Leetcode-27-Remove Element

Remove Element

leetcode: https://leetcode.com/problems/remove-element/

Description:

Given an integer array nums and an integer val, remove all occurrences of val in nums in-place. The relative order of the elements may be changed.

Since it is impossible to change the length of the array in some languages, you must instead have the result be placed in the first part of the array nums. More formally, if there are k elements after removing the duplicates, then the first k elements of nums should hold the final result. It does not matter what you leave beyond the first k elements.

Return k after placing the final result in the first k slots of nums.

Do not allocate extra space for another array. You must do this by modifying the input array in-place with O(1) extra memory.

Idea:

Step1: set two pointers, first one to traverse the nums array, and use second one to recod the non-val element and use them to cover the val element.

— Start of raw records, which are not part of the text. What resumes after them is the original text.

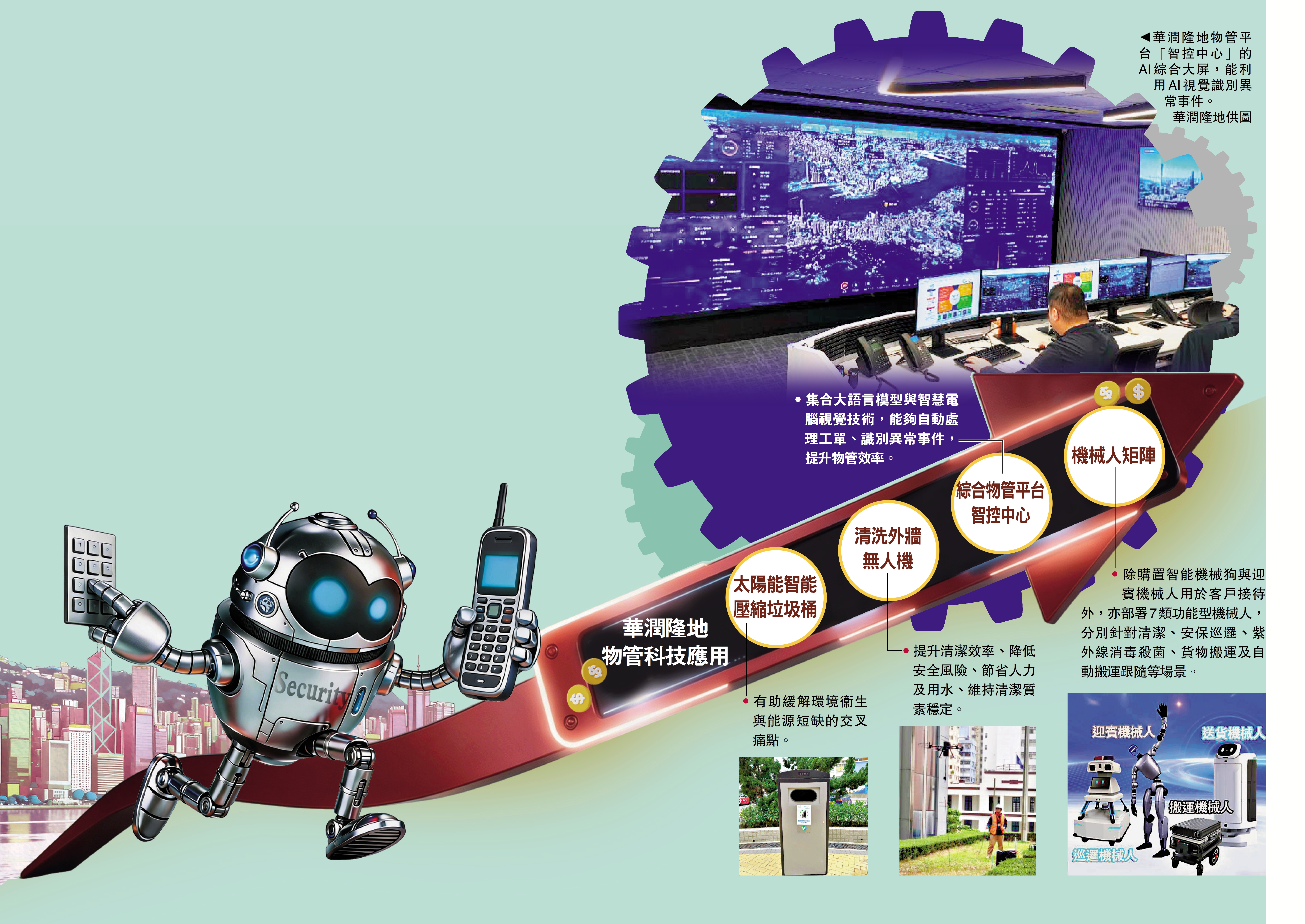 今年政府工作報告首次提出「打造智能經濟新形態」,目標是要推動重點行業領域人工智能(AI)規模化應用。華潤隆地綜合物管平台總經理張玉龍向《大公報》表示,當前香港物業管理行業正全面擁抱PropTech(地產科技),並經歷從「勞動力密集」向「新質生產力」跨越的歷史性時刻。他指出,人工智能有助行業提質增效,賦能社區基礎設施,以及加強火警風險監控,公司未來將繼續借助AI解放人力,更好服務社區。\大公報記者 蔣去悄
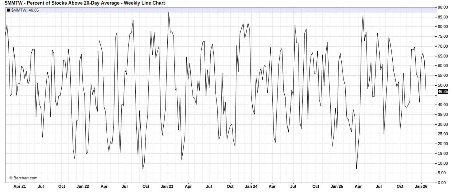 It’s been a wild start to the year to say the least & on that note, action within the indices more recently has been choppier & even despite the indices essentially all sitting near their highs, we’ve seen a correction underneath the hood take place as just 46% of stocks currently remain above the 20D which is nearly starting to encroach oversold territory:
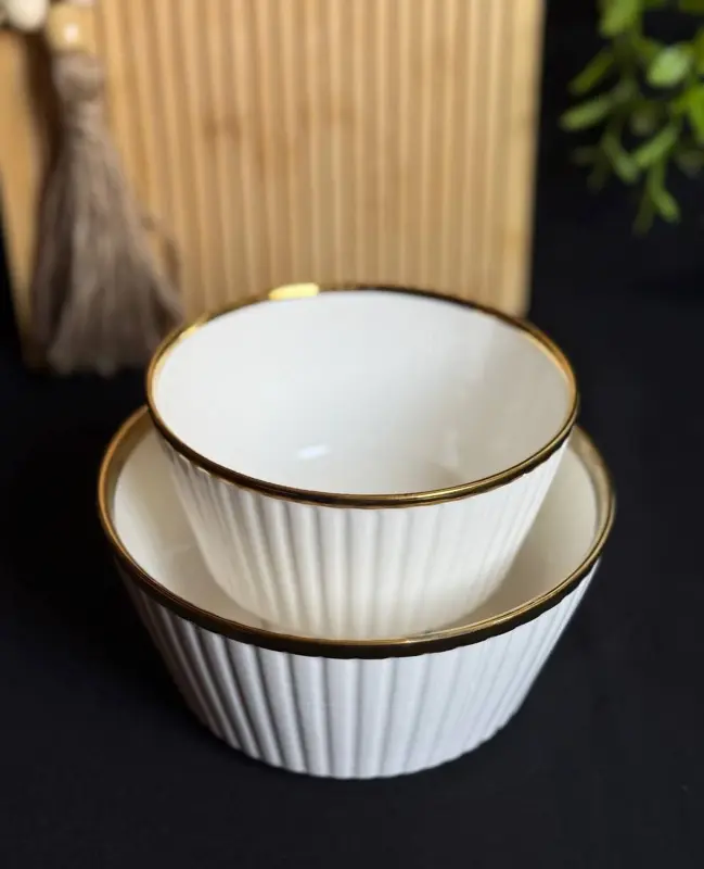 لمسة من الفخامة الأنيقة لمائدتك. هذه البولة المستوردة تجمع بين الجمال والعملية، حيث تتميز بتصميمها المضلع الأنيق الذي يضفي لمسة من الشياكة على التقديم. البولة مصنوعة من البورسلين الحراري عالي الجودة، مما يجعلها آمنة للاستخدام في الميكروويف وغسالة الأطباق. متوفرة بلون أبيض مميز مع حواف ذهبية، وتأتي بمقاسين مختلفين: الصغير بقطر 12 سم وارتفاع 7 سم، والكبير بقطر 16 سم وارتفاع 8 سم، لتناسب جميع استخداماتكِ.
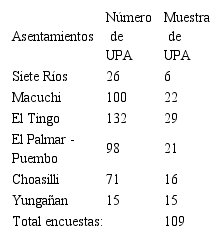 Tipos de unidades productivas agropecuarias (UPA) de la Parroquia El Tingo La Esperanza.

Step2: because we don’t need to deal with the extra elements after covering, and the second pointer also record the length of non-value elements in the string. just use the index to get the non-val nums array.

Code:

class Solution {
    public int removeElement(int[] nums, int val) {
//         set two pointers, and make the second pointer point to the non-val element, and use second to record current length of non-val
        int first = 0;
        int second = 0;
//      because it don't need to deal with the extra elements when after cover the val element, so just use first pointer to traverse the nums, and use second pointer to record the value and the length
        for(; first<nums.length; first++){
            if(nums[first] != val){
//                 use second pointer to cover and record length by self-increasing
                nums[second++] = nums[first];
            }
        }
        return second;
    }
}